# Dragonflies



## GRbenji (Nov 17, 2010)

#01






#02





#03





#04





#05





#06





#07


----------



## JohnS. (Nov 17, 2010)

That is some of the best macro I've seen.

Beautiful! :thumbup:


----------



## TheFantasticG (Nov 17, 2010)

Great set


----------



## Montana (Nov 17, 2010)

Really liking #2 and #4!  Good job.


----------



## skieur (Nov 17, 2010)

Outstanding sharpness!  What lens did you use?

skieur


----------



## GRbenji (Nov 17, 2010)

Thank guys for the compliments.

Canon 100mm f/2.8L on a EOS 7D.


----------



## ChrisA (Nov 18, 2010)

Really like number 4, with those goggle like eyes!

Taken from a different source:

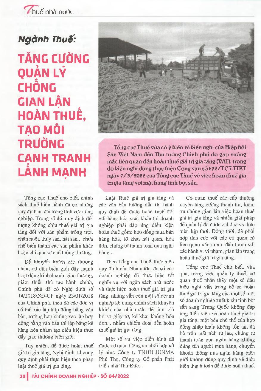 Ngành Thuế: Tăng cường quản lý chống gian lận hoàn thuế tạo môi trường cạnh tranh lành mạnh = Tax industry: Strengthening management against tax refund fraud to create a healthy competitive environment

Unfortunately the dragon season has finished over here, they're great subjects with a 100mm


----------



## photographyguy1218 (Feb 16, 2011)

HOLY CRAP!!!!!! :hail: dude! MAJOR props to you my friend!! amazing shots!!!


----------



## MartaS (Feb 16, 2011)

absolutely stunning!


----------



## CodysNikon (Feb 16, 2011)

Those would look badass if they were blown up on a poster.


----------



## Davor (Feb 17, 2011)

Nice shots! what flash did you use?


----------



## kacielynch (Feb 17, 2011)

Wow!!! These are awesome!


----------



## Forkie (Feb 17, 2011)

Superb!! #2 is my favourite - Super super sharp!


----------



## GRbenji (Feb 26, 2011)

Some new shots.

#08





#09





#10


----------



## DevonBlomquist (Feb 27, 2011)

...but _how_ is this possible?



Your photos are beyond awesome.


----------



## tyler_h (Feb 28, 2011)

Wasn't going to comment but then I saw number 6; superb shot. Love the contrast and sharpness.


----------



## Fleacz (Mar 1, 2011)

oh my god, they are all so dam good ! please tell me.. how are you doing this? i know you're using macro lens obviously, but are u staying as still as possible? how close do you get to the actual subject?


----------



## GRbenji (Mar 1, 2011)

DevonBlomquist said:


> ...but _how_ is this possible?
> 
> 
> 
> Your photos are beyond awesome.



Thank you for the nice words.



tyler_h said:


> Wasn't going to comment but then I saw number 6; superb shot. Love the contrast and sharpness.



Thank you.  Glad you like them.



Fleacz said:


> oh my god, they are all so dam good ! please tell me.. how are you doing this? i know you're using macro lens obviously, but are u staying as still as possible? how close do you get to the actual subject?



Dragonfly is less skittish than many other bugs and also tend to fly back to same spot to perch.  When their wings are down, can approach till very close.  I can shoot them within 20 to 30cm even.  I shoot handheld but some of my macro buddies use tripod.  In macro, besides steady hand, good diffusing of light is very important.  Shoot more and one will definitely improve.


----------